Millions of patients taking cholesterol-destroying statins may be at higher risk for type 2 diabetes, a study suggests.
Lifesaving pills have been shown to reduce the risk of heart disease – but they are controversial among the medical community because of their potential side effects.
And the researchers have now added to the scientific ranks that have been dragging on for years, after discovering that patients on drugs face a third higher risk of type 2 diabetes.
It is estimated that around six million people in Britain take statins and it is estimated that up to 30 million people take the pills in the United States.
Life-saving pills have been shown to reduce the risk of heart disease – but they are controversial among the medical community because of their potential side effects
Scientists from the Erasmus Medical Center in the Netherlands analyzed data from 9,535 patients over 45 statins prescribed.
Professor Bruno Stricker and colleagues monitored each of the participants for up to 15 years, to assess whether the drugs are linked to a higher risk of type 2 diabetes.
Patients with statins had higher blood glucose levels than insulin and showed more signs of insulin resistance – one of the main causes of diabetes and heart disease.
And the researchers found that patients who had never used statins had about 38% more risk of developing type 2 diabetes.
They said the risk was even higher in patients who were overweight or obese, who is a known pilot of the condition.
Professor Stricker said the findings suggest that blood glucose control and weight loss strategies can be "justified" to reduce the risk of diabetes for statin users.
The study – not the first to show a link between statins and type 2 diabetes – was published by the British Journal of Clinical Pharmacology.
The NHS lists an increased risk of diabetes as a "common" side effect of statins – but states that it is unclear whether it is caused by the drug itself.
The dott. Aseem Malhotra, a cardiologist at the NHS, told MailOnline: "The study demonstrates a further proof that statins cause type 2 diabetes.
Statin supporters, including the British health authority Nice, state that pills should be prescribed more widely to prevent thousands of premature deaths (stocks)
High levels of bad cholesterol can lead to hardening and narrowing of the arteries and cardiovascular diseases (CVD)

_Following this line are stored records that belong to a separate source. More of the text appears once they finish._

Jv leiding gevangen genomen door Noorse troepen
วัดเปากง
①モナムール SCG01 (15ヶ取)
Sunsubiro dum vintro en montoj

WHY DO THE STATS ARE CONTROVED?
Statins are the most commonly prescribed drug in the world and it is estimated that 30% of all adults over the age of 40 are eligible to take them.

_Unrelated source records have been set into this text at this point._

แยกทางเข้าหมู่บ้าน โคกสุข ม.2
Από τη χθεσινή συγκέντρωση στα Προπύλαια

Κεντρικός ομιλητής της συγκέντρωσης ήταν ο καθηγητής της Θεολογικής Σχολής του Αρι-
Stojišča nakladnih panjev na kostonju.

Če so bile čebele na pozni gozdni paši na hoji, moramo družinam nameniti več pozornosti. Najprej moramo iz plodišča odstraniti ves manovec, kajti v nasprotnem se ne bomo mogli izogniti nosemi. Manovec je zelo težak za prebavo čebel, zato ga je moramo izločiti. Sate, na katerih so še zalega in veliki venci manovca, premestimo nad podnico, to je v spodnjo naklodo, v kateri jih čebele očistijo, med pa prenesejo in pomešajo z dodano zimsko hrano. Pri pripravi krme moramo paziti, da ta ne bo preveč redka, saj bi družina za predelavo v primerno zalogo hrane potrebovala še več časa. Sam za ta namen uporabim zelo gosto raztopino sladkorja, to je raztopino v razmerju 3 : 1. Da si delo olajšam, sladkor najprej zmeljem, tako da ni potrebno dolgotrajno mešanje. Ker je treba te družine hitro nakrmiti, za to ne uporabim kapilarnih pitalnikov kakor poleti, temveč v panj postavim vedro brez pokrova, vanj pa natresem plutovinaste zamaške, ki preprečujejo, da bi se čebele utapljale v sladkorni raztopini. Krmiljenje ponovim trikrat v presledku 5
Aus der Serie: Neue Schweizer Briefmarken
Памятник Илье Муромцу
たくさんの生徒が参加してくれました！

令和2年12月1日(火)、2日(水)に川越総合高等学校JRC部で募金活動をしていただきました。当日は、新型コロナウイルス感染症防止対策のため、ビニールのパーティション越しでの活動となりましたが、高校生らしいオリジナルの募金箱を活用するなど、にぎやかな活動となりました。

Cholesterol-lowering drugs are given to people believed to have a 10% or greater risk of developing cardiovascular disease or having a heart attack or stroke in the next 10 years.

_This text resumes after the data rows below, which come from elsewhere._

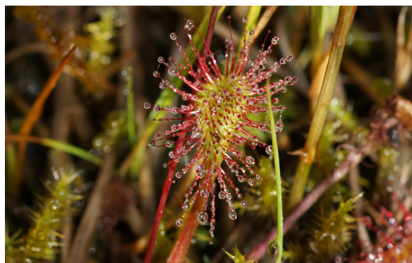
Der Sonnentau lockt Insekten auf seine klebrigen Blätter.

Torfmoose können bis das 25-fache ihres Gewichts an Wasser speichern. Auch auf dem Wanderweg kann man die Feuchte des Bodens unter seinen Füßen spüren oder mit den Händen fühlen. Und vielleicht siehst du gar ein paar der unscheinbaren mooraufbauenden Torfmoose.
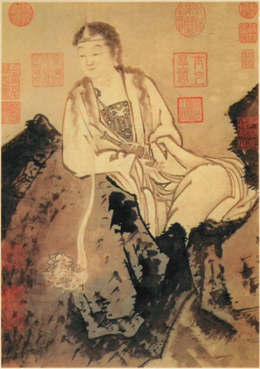
(宋) 贾师古 大士像
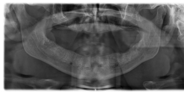
Bildgebung - OPAN präoperativ
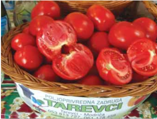
Paradajz iz PZ „Tarevci“
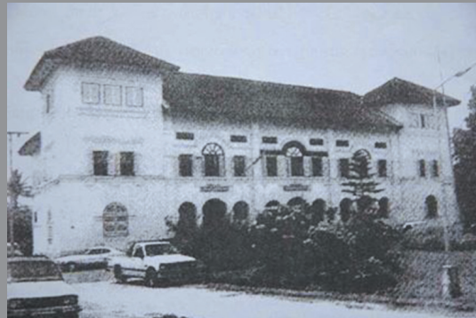
ศาลากลางในอดีต
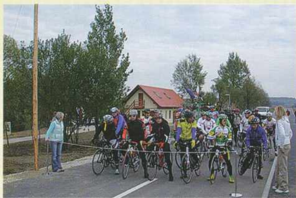
Start 3. trideželnega kolesarskega maratona

S predznakom Oaza zdravja se namenu krepitev telesa z rekreacijo, kulinariko in estetskim
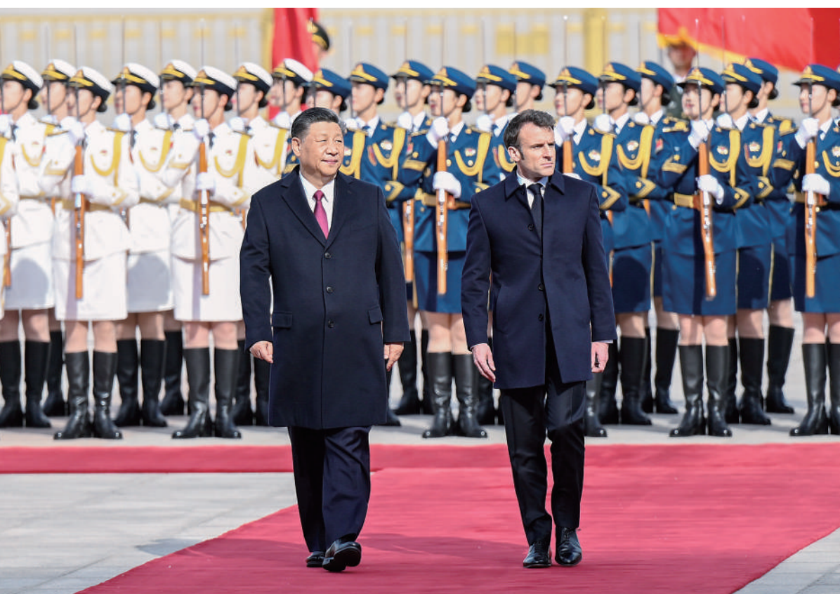
四月六日下午，国家主席习近平在北京人民大会堂同法国总统马克龙举行会谈。这是会谈前，习近平在人民大会堂东门外广场为马克龙举行欢迎仪式。

新华社北京4月6日电（记者刘华）4月6日下午，国家主席习近平在人民大会堂同法国总统马克龙举行会谈。习近平指出，当今世界正在经历深刻的历史之变，中法作为联合国安理会常任理事国和具有独立自主传统的大国，作为世界多极化、国际关系民主化的坚定推动者，有能力、有责任超越分歧和束缚，坚持稳定、互惠、开拓、向上的中法全面战略伙伴关系大方向，践行真正的多边主义，维护世界和平、稳定、繁荣。习近平高度评价中法关系保持积极稳健发展势头，强调指出，稳定性是中法关系的突出特征和宝贵财富，值得双方精心呵护。双方要用好两国全方位、高水平沟通渠道，保持两国元首密切沟通，今年年内举行中法战略、经济财金、人文交流三大高级别对话机制新一轮会议。双方要相互尊重对方主权和领土完整，尊重对方核心利益，妥善处理管控分歧。要坚持互惠互利、共同发展。中国正在大力推进高质量发展和高水平开放，这将为法方提供更广阔市场机遇。（下转3版）

They have been shown to help people who have suffered heart problems in the past, but experts say the thresholds may be too high, which means the benefits are outweighed by many people's side effects.
Almost all men exceed the 10% threshold by age 65 and all women do it before age 70, regardless of their health.
Commonly reported side effects include headache, muscle aches and nausea and statins may also increase the risk of developing type 2 diabetes, hepatitis, pancreatitis and problems with vision or memory loss.
Research published in the Pharmaceutical Journal last year found that taking a statin daily for five years after a heart attack prolongs your life by just four days, reveals new research.
And Dr. Rita Redberg, a professor at the University of California, in San Francisco, told CNN in January to 100 people who took statins for five years without having a heart attack or stroke, "the best estimates are that or two people avoid a heart attack, and no one will live longer, taking statins. "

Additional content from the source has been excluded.